I have ridden single speed and fixed for a few years now. Recently bought an Orange P7 One which has put the fun back into it for me as I selected Fox Vanilla 140's which just beg you to ride a bit madly!


----------



## piedwagtail91 (6 Jul 2007)

been riding a fixed (steel frame ,unknown make) for 10 months, wished i'd started years ago.
just did our clubs 200 miles in 24 hours on it. felt ok on the ride ,but could hardly move 2 days later.more miles needed i think!


----------



## Sore Thumb (6 Jul 2007)

ive been riding fixed to work on a langster. 48 front 16 rear. Around 220 miles a month.


----------



## rshall (7 Jul 2007)

I have bodged together a mid 90's Raleigh MTB into a road going singlespeed and it is great fun. Looking to either convert another bike to proper fixed/singlespeed (horizontal dropouts)or buy a dedicated machine. Must stop visiting LBS as he keeps tempting me with shiney things


----------



## graham56 (7 Jul 2007)

Never been on a fixie for 35 years ,it belonged to a mate of mine, and all i can remember about it were the words being shouted "keep pedalling; keep bloody pedalling". I`m sure i had to check my pants later-if you know what i mean.


----------



## migmiller (7 Jul 2007)

I'm just about to embark on this fixie lark. Am I mad.
A collector is building me a 1957 Bill Gameson frame into a pretty authentic recreation of what would have been about at the time.

As the day dawns I am becoming more nervous about taking it on

Apart from a full suit of armour any other tips


----------



## Pottsy (7 Jul 2007)

Top tip, like graham56 says, just keep pedaling.

It's a lot more strange sounding than it actually is doing. Once you try it, it's like, why didn't I do this before. I love the feeling of the momentum of the bike feeding my pedal strokes.


----------



## starseven (7 Jul 2007)

there is something about a singlespeed, bikes can get very complicated. I have just sold a singlespeed racer and a geared MTB. Favorite to replace them will be a single speed MTB. On One (edit) may be there first but you have to have one bike that is just a bike!!!


----------



## Amanda P (10 Jul 2007)

I'm slowly building up a fixie on a fairly nice old Peugeot frame. It'll be my first - I just wanted to find out what all the fuss was about, but I'm too cheap to buy one new. And they say that half the fun is building your own anyway.

I want to do the thing properly, so I've swapped the rear drop outs for track ends. Then I found that the track ends put the rear axle at the same height as the ends of the chain stays, while the drop outs had them half an inch lower. That meant I had to raise the rear brake bridge to clear the rear wheel, so there's been altogether more metalwork involved than I envisaged. It looks a bit messy now, but a little more tidying with a file and some emery cloth and I think it'll look OK. Plus the paint always makes everything look 100% better. Sometimes misleadingly...

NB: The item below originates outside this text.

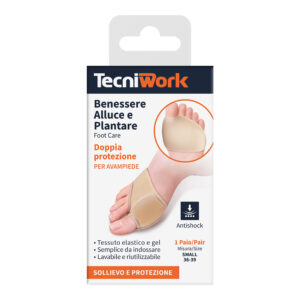 Fußschutz aus elastischem Gewebe mit zwei weichen Anti-Schock-Gel-Pads im Inneren, einfach und bequem anzulegen. Ideal, um dem Vorfuß Komfort und Wohlbefinden zu bieten und Reibung und Druck auf den großen Zeh zu vermeiden, ohne dabei aufzutragen. Auch geeignet für langes Stehen oder für Sportarten, die den vorderen Teil des Fußes belasten.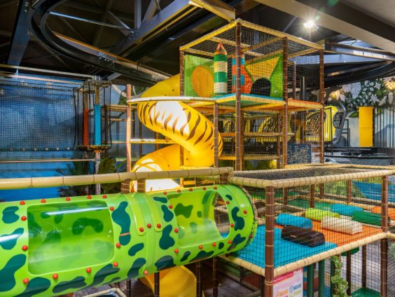 Vos enfants iront de surprise en surprise en traversant cette jungle : escalader les tours de grimpe, ramper dans les tunnels, monter à la corde, glisser dans le toboggan à spirale...

I'll post some pics of the progress when I have them handy.

I got some fixed wheels from  these guys  - with the exchange rate as it is, it seemed a good deal. The rear needed a little truing, though of course I haven't ridden them yet... The bearings are _very_ smooth.

I've got all the bits I need, including a 48 tooth 165mm chainset (cheapish 1980s SR), except for brake cables. I've got an 18 tooth fixed sprocket - is that going to be a bit of a low gear for my flat commute, anyone?


----------



## NickM (10 Jul 2007)

Uncle Phil said:


> ...is that going to be a bit of a low gear for my flat commute, anyone?


71" on an average 700c tyre - sounds OK to me. Largely a matter of taste, but you don't want to find yourself being conditioned to pedal slowly. 

I use 48 x 19 (~68") on my flat London commute, and it suits me fine. My fixie has mudguards and robust tyres, so may be a bit slower than yours anyway.


----------



## laurence (10 Jul 2007)

i've got an Orange Clockwork set up for single speed. had the back re-welded with track ends. rides like a dream. when i ride it, that is.

L


----------



## Rhythm Thief (10 Jul 2007)

Mine is an anonymous chrome 531C frame with track ends. It's going rusty around the bottom bracket shell, so one day I'll strip it and rebuild it onto an _immaculate_ 50s Freddie Grubb road frame that my girlfriend's dad gave me. Should look like a classic when it's done.


----------



## migmiller (3 Aug 2007)

OMG the Gameson is here and it is just beautiful. Unlike the modern jobs it has quite a lot of air and little frame.

Tomorrow or Sunday will be the christening.

Apparently Tommy Godwin rode Gamesons but I cannot find any other info

I'm still a bit nervous as we gave up on the SS and have just gone fixed so if you live near Cheltenham and hear screaming it is either me having a ball or losing one


----------



## peejay78 (4 Aug 2007)

i have a fuji with lots of different bits on it, including nice wheels. 

in two weeks time i am getting my grubby paws on a bob jackson vigorelli. that gives me two weeks to work out how to break the news to my girlfriend. 

i think i may ask for two receipts, that's if the "i found it" line doesn't work. 

any excuse to post a pic:


----------